Warren Buffett and the Business of Life
Bloomsbury l Rs 995 l pp 960
A successful investor does more things than make money. Here’s a book on the world’s richest man and most generous philanthropist, his friendships, his values
Book of the week
It’s not his billion-dollar fortune that he’s built up entirely by investing that has forced me to follow each and every move the man has made since 1998. To me the money is incidental, a delightful by-product of the real thing — the simple, universal, disciplined method of making it. In the world of finance, Warren Buffett is the poet and the painter, the doer and the thinker. And Schroeder puts it together grippingly.
Any book on the man, his work and his values has to be seen and judged for two constituencies — that tightly-woven mass of value investors who seek to study or replicate his investing principles; and his fans. On both these charges, I plead guilty. And having devoured most books on him (he is still to write his autobiography), just when I thought there is no more value left in writing on the man, comes this charming 960-page, 3-tonne treatise.
Every author on Buffett lays stake to the claim of original analysis, exclusive interviews and so on. Schroeder’s is not very different. Her treatment, however, is humble and not hyper-amplified like James O’Loughlin’s The Real Warren Buffett: Managing Capital, Leading People. Or Buffettology by Mary Buffett and David Clark, where Mary tries to show access through family (she was his former daughter-in-law).
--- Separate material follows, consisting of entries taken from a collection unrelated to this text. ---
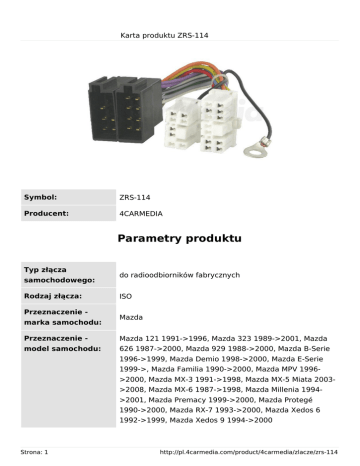 Karta produktu ZRS-114 Symbol: ZRS-114 Producent: 4CARMEDIA Parametry produktu Typ złącza samochodowego: Rodzaj złącza: Przeznaczenie marka samochodu: do radioodbiorników fabrycznych ISO Mazda Przeznaczenie - Mazda 121 1991->1996, Mazda 323 1989->2001, Mazda model samochodu: 626 1987->2000, Mazda 929 1988->2000, Mazda B-Serie 1996->1999, Mazda Demio 1998->2000, Mazda E-Serie 1999->, Mazda Familia 1990->2000, Mazda MPV 1996>2000, Mazda MX-3 1991->1998, Mazda MX-5 Miata 2003>2008, Mazda MX-6 1987->1998, Mazda Millenia 1994>2001, Mazda Premacy 1999->2000, Mazda Protegé 1990->2000, Mazda RX-7 1993->2000, Mazda Xedos 6 1992->1999, Mazda Xedos 9 1994->2000 Strona: 1 http://pl.4carmedia.com/product/4carmedia/zlacze/zrs-114 Karta produktu ZRS-114 Ilość pinów: 20 Informacje dodatkowe Masa brutto: Strona: 2 0,042 kg http://pl.4carmedia.com/product/4carmedia/zlacze/zrs-114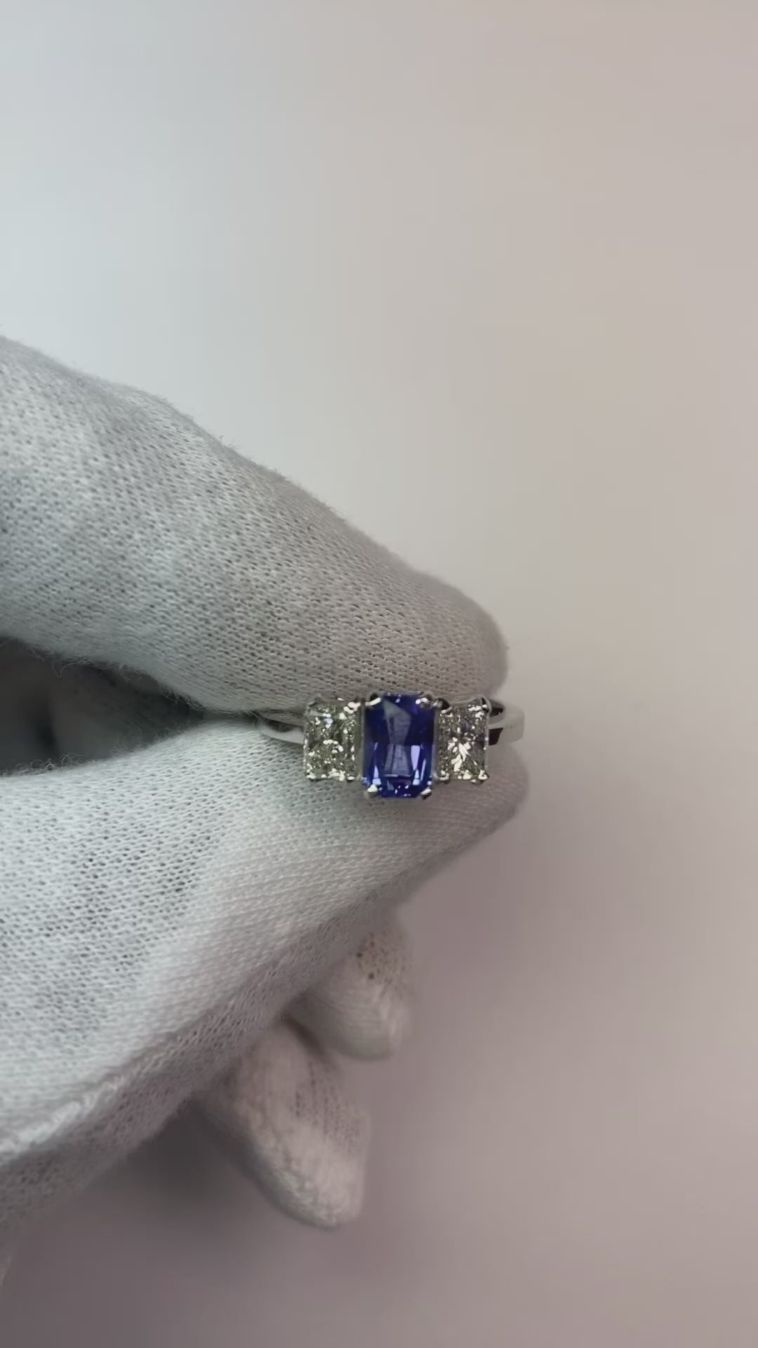 Dettagli pietra: c'è un taglio smeraldo zaffiro ca. 1,50 carati (dimensioni circa 7 x 6 mm) e due diamanti radianti ca. 0,75 carati ciascuno (dimensioni circa 5,7 x 3,7 mm) sui lati. Pietre naturali estratte da terra.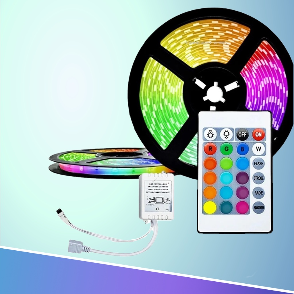 Fita LED À Prova D'água 5m Ultra Rgb 3528 + Controle Sem Fonte 24 Chaves Para Decoração De Parede Interna

A quick, surface read will leave students of Buffett a little disappointed. But Schroeder’s skill lies in being able to reach the student through the fan. So, Buffett’s investing philosophy is not encapsulated in 10 bullet points. To get there, you have to know the man, his values.
Schroeder’s poignant chapter on the death of Buffett’s friend Katherine Graham, then chairperson of The Washington Post where Buffett had a substantial equity stake, for instance, brings out his vulnerability, his human side as he
needlessly blames himself: “If I’d been playing bridge with her that day she might not have fallen.”
Stories like these abound this well-researched paperback and that’s where its strength lies. It fills in the blanks that lie between Buffett’s incisive annual letters to his shareholders — a must for any equity investor — and news reports that tell us nothing more than his latest investment or his ever-growing net worth.
Which, in turn, is based on the principles of investing he learnt from his teacher Benjamin Graham, whose Intelligent Investor is essential reading for hard-core investors. Graham, who introduced Buffett to a moody creature called Mr Market was someone Buffett worshipped. But that didn’t stop him from following his own mind while investing in the insurance company Geico. Graham thought Geico was too expensive.
As a writer, Schroeder has three advantages. One, as an award-winning insurance analyst she can read numbers, so important while dissecting Buffett; she applies that research on his softer side as well. Two, seeing the bigger picture as an accounting policymaker. And three, the Buffett advantage — he liked the way she thought and wrote (reported in The New York Times) — who gave her the one precious commodity any writer would die for: his time. Putting all three together, Schroeder has been able to give us a rather intimate look into Buffett.
While Schroeder’s book will occupy a rather large, premium and rightful space on the bookshelves of Buffett students and fans alike, it doesn’t match the mature stature of Roger Lowenstein’s Buffett: The Making of an American Capitalist — my personal favourite. It also lacks the theoretical rigour of Lawrence A. Cunningham’s How to Think Like Benjamin Graham and Invest Like Warren Buffett — the best book to understand his techniques. The Snowball is like adding one more amazing stock to my exceedingly large portfolio of Buffett books — in the absence of my money growing like Buffett’s, at least my collection snowballs.